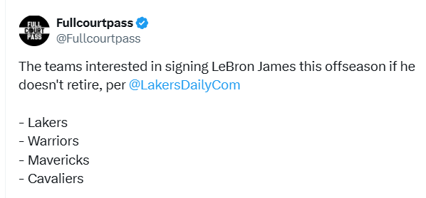 消息称,詹姆斯的现东家洛杉矶湖人队,以及金州勇士队、达拉斯独行侠队、克利夫兰骑士队,均有意在休赛期签下詹姆斯。
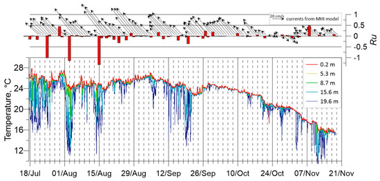 Upwelling in the first few days of August 2020 was incomplete (Figure 8), but the temperature in the bottom layer dropped to 11.8 °C. The amplitude was significantly less at the 8 m horizon, with the temperature changing from 24 °C to 18 °C in 5 h. The criterion of the upwelling was less than −1, indicating the Ekman nature of the event. Another similar case was registered on 13–14 August 2020. With strong upwelling winds, the temperature dropped again on the bottom layer to 11 °C. SST oscillations were comparable with the diurnal cycle and equal to ~1.5 °C.
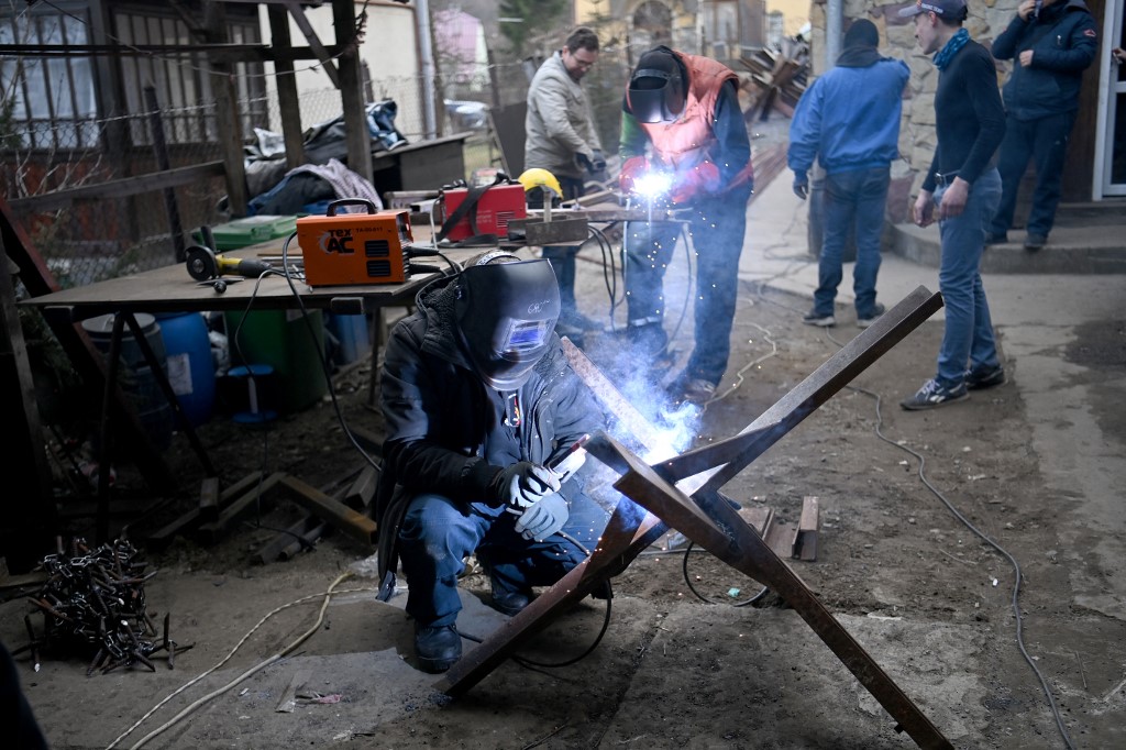“Look at that, 1914!” laughs Vitali Bodnar, cigarette in mouth and welding helmet raised. That’s the year of manufacture of the metal obstacles they are recreating.
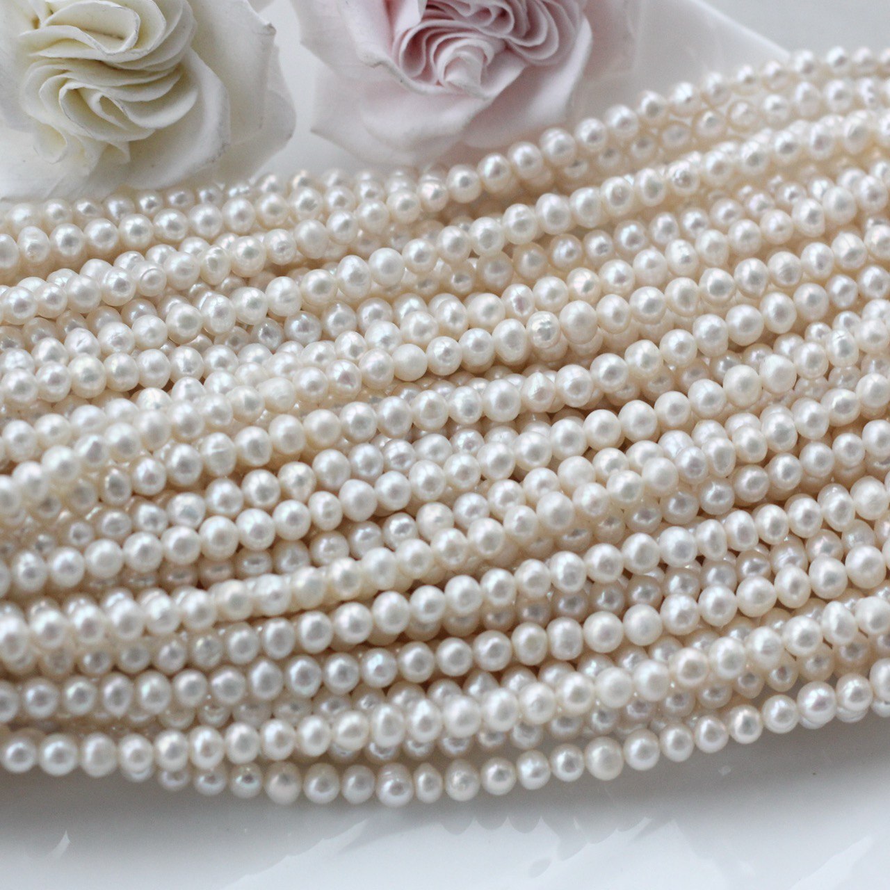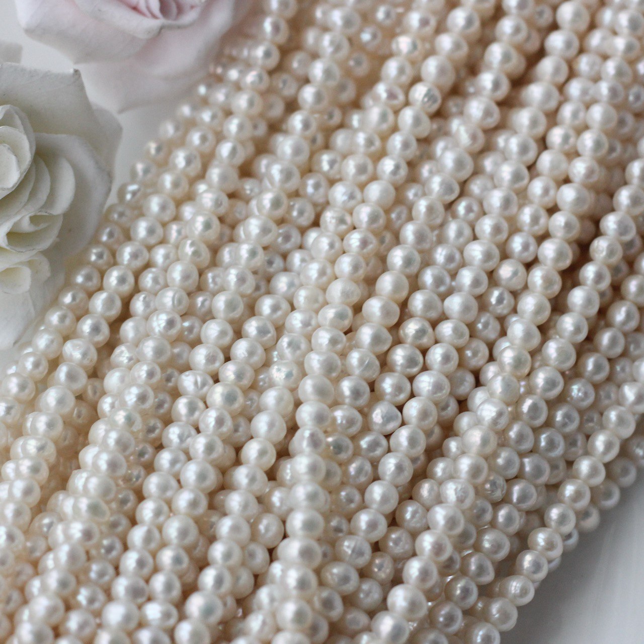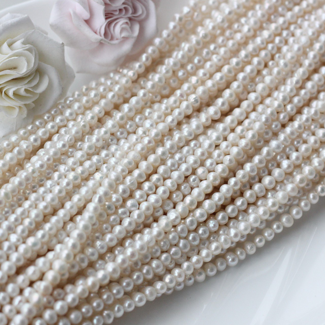 Натуральный речной жемчуг молочного оттенка с мягким, естественным перламутровым блеском. Слегка приплюснутая форма придаёт бусинам живую фактуру и делает готовые украшения более «воздушными» и природными на вид
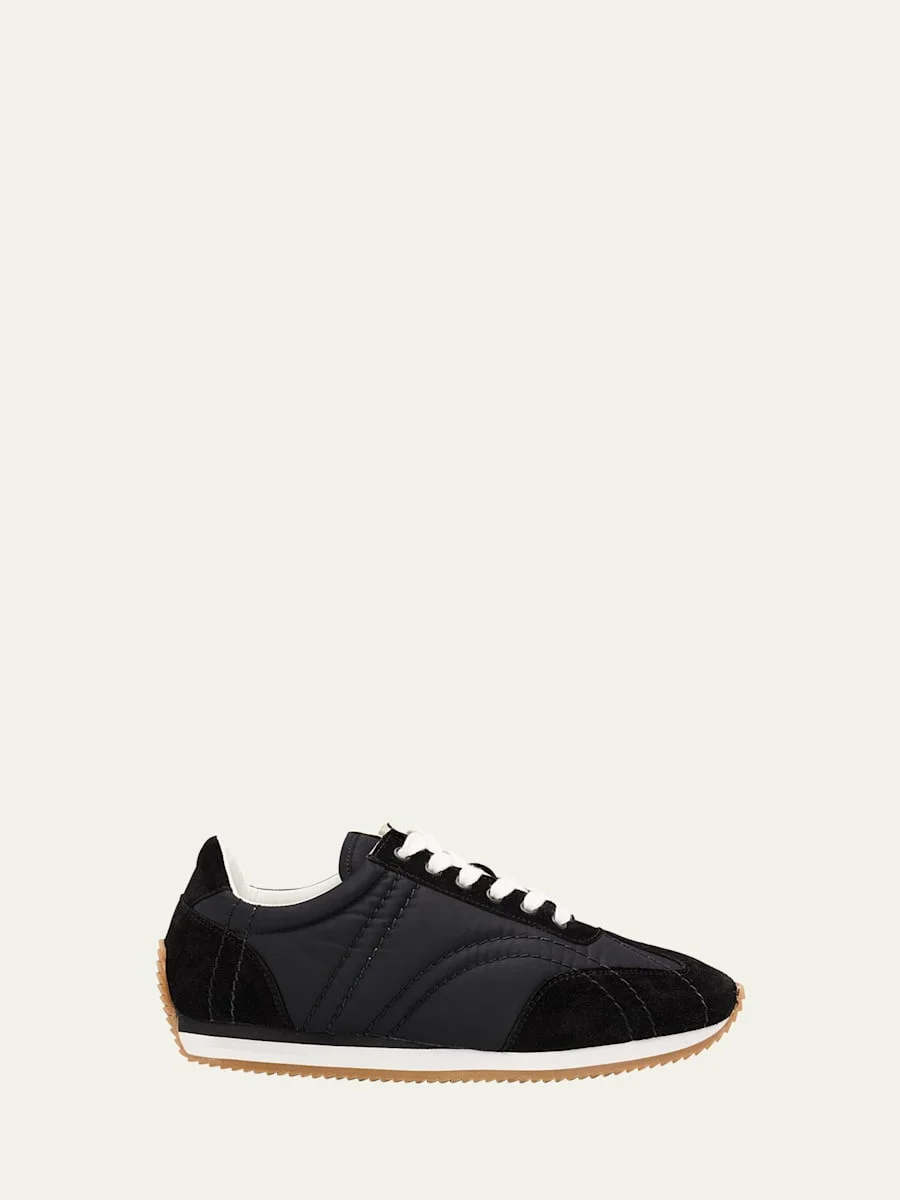 These lowtop sneakers by Toteme are designed for a sporty look and made from monogramquilted polyamide paired with suede trims and set on a comfortable foam midsole Flat heel Round toe Laceup vamp Rubber outsole Made in Portugal
★ ★ ★
▶ _WORK TO COMPLETE_
With all pictures omitted, return exactly the lines from the one containing "Натуральный речной жемчуг" through the end of the entries above.

▶ _RESULT FOR THIS EXERCISE_
 Натуральный речной жемчуг молочного оттенка с мягким, естественным перламутровым блеском. Слегка приплюснутая форма придаёт бусинам живую фактуру и делает готовые украшения более «воздушными» и природными на вид
 These lowtop sneakers by Toteme are designed for a sporty look and made from monogramquilted polyamide paired with suede trims and set on a comfortable foam midsole Flat heel Round toe Laceup vamp Rubber outsole Made in Portugal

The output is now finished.